Extracted data —
--*--

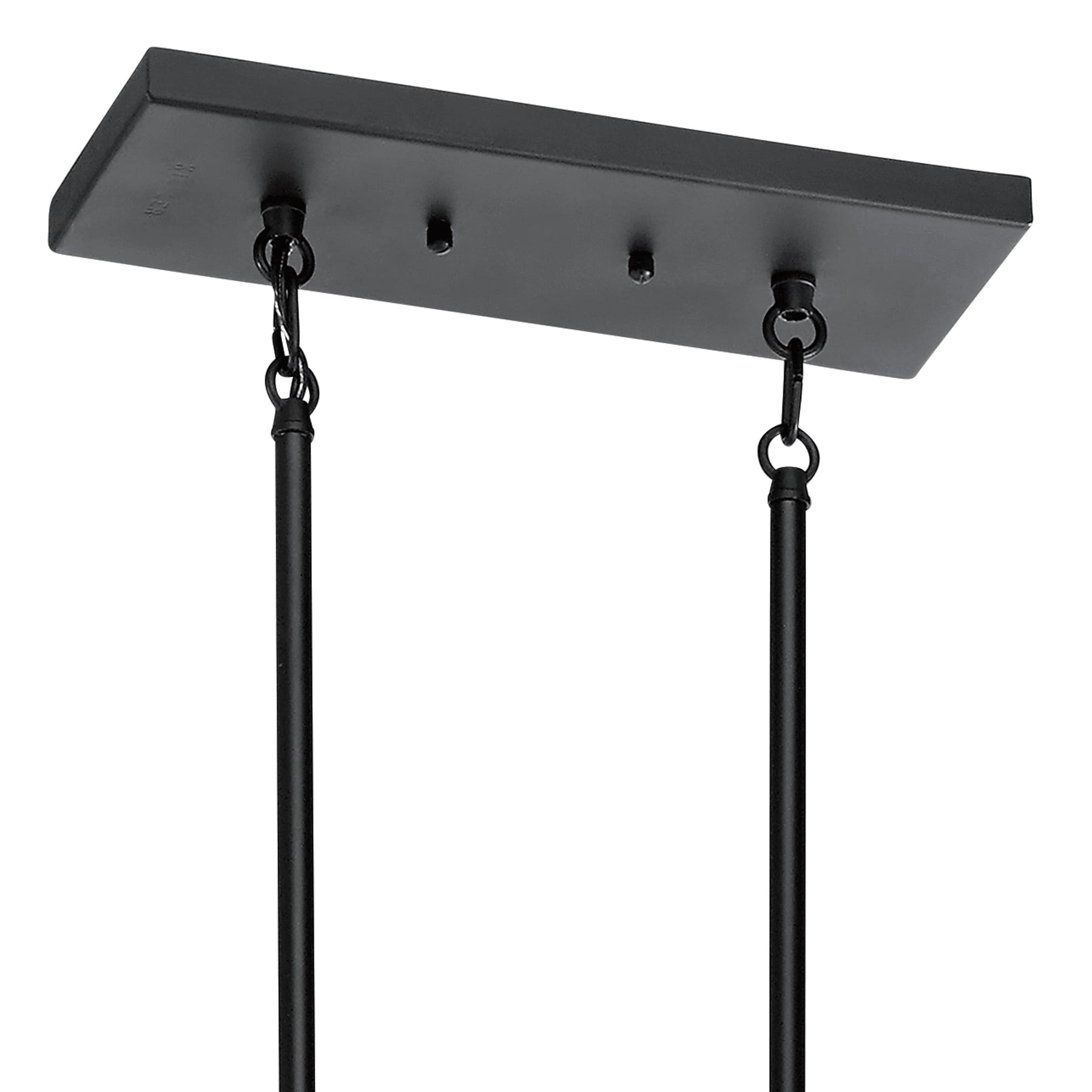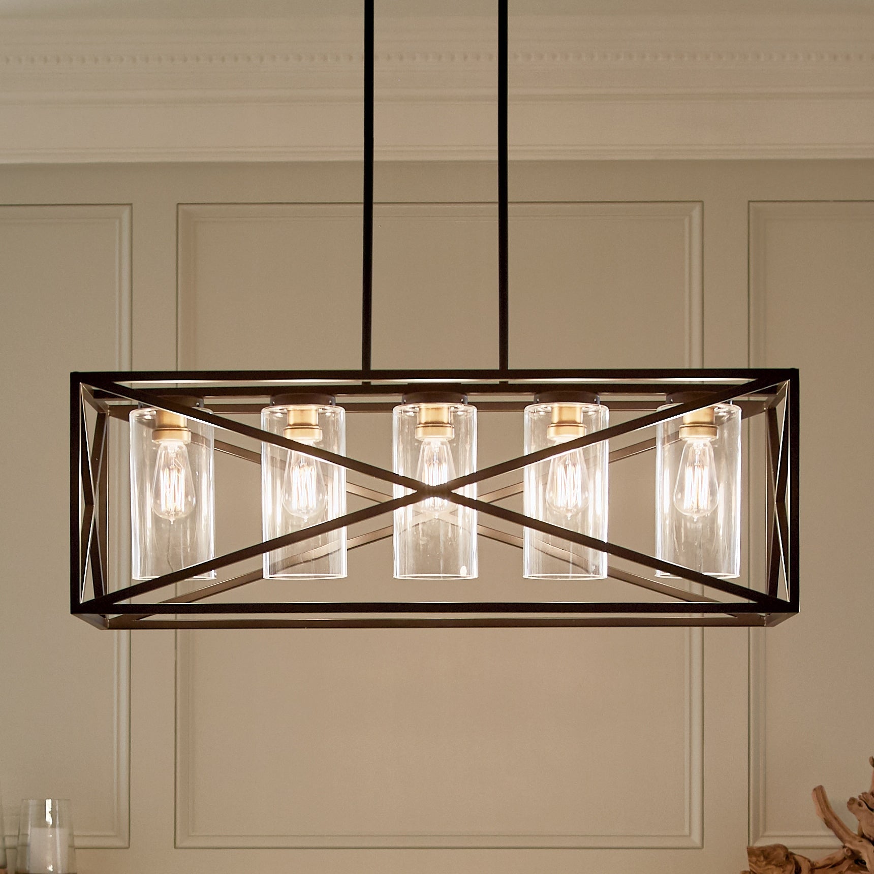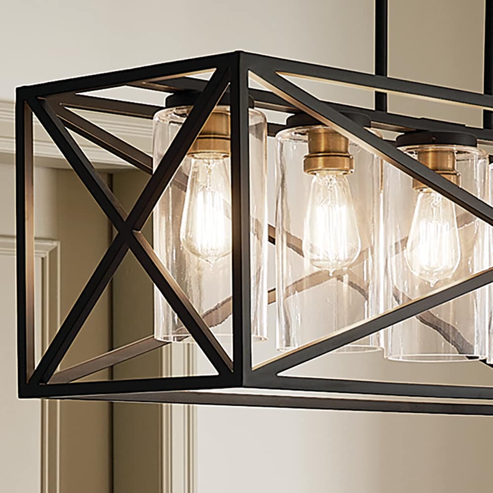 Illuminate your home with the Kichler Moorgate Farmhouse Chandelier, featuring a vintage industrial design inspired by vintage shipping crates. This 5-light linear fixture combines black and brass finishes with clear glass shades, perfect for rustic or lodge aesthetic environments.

--*--

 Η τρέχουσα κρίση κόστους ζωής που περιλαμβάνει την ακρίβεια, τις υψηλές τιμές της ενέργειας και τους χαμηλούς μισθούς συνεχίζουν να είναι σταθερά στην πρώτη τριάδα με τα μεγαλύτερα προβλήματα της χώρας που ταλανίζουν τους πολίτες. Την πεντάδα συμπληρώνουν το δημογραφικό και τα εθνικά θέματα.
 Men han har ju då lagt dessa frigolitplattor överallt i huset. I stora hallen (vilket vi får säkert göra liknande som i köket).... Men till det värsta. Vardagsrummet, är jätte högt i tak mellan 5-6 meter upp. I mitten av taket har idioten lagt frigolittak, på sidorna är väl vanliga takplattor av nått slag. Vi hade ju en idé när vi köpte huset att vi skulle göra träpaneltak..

--*--

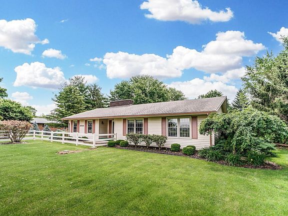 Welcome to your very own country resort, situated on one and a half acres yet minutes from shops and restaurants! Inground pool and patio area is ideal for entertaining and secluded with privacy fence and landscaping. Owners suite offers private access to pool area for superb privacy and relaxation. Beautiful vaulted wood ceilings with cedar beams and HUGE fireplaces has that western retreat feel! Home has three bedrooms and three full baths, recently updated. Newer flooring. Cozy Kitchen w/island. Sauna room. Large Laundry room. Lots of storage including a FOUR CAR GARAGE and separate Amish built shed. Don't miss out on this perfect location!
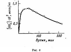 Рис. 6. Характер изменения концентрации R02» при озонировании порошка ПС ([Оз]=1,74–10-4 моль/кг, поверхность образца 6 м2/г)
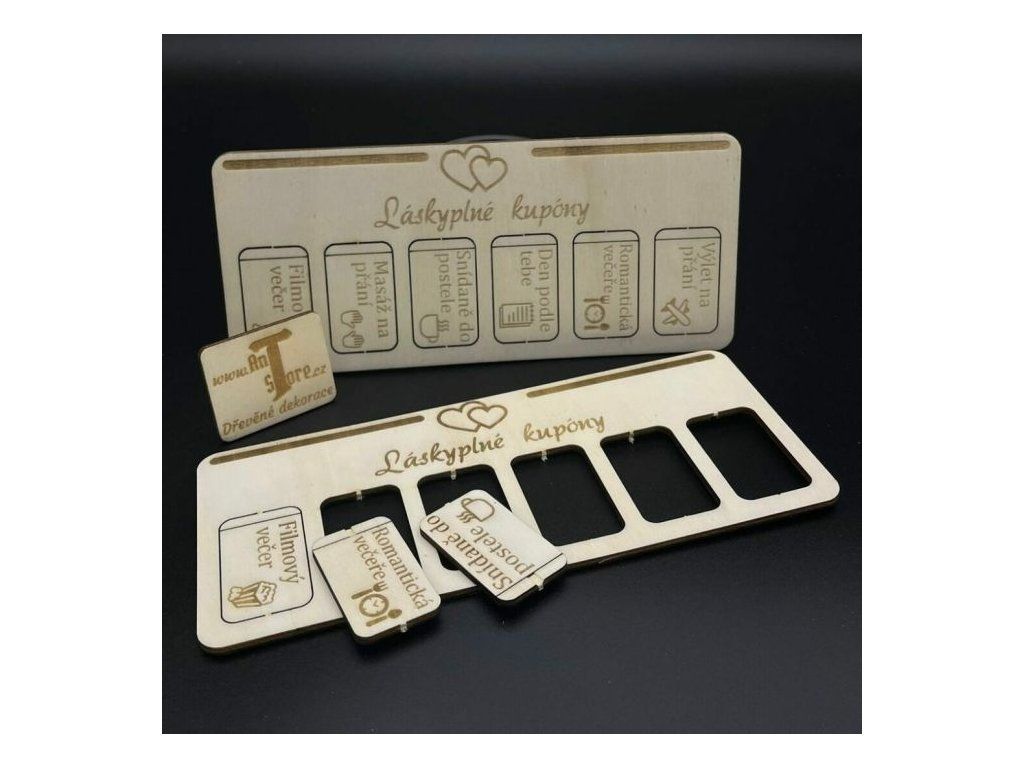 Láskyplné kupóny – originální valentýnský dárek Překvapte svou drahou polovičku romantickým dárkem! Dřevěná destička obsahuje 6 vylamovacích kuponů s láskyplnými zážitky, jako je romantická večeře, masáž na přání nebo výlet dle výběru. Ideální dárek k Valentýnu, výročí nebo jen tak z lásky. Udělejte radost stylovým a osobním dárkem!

--*--

How to complete this task —
Restate word for word the lines of the data above that begin at the line with "Рис. 6. Характер" and end at the line with "Láskyplné kupóny –", keeping both ends and dropping every picture.

Response —
 Рис. 6. Характер изменения концентрации R02» при озонировании порошка ПС ([Оз]=1,74–10-4 моль/кг, поверхность образца 6 м2/г)
 Láskyplné kupóny – originální valentýnský dárek Překvapte svou drahou polovičku romantickým dárkem! Dřevěná destička obsahuje 6 vylamovacích kuponů s láskyplnými zážitky, jako je romantická večeře, masáž na přání nebo výlet dle výběru. Ideální dárek k Valentýnu, výročí nebo jen tak z lásky. Udělejte radost stylovým a osobním dárkem!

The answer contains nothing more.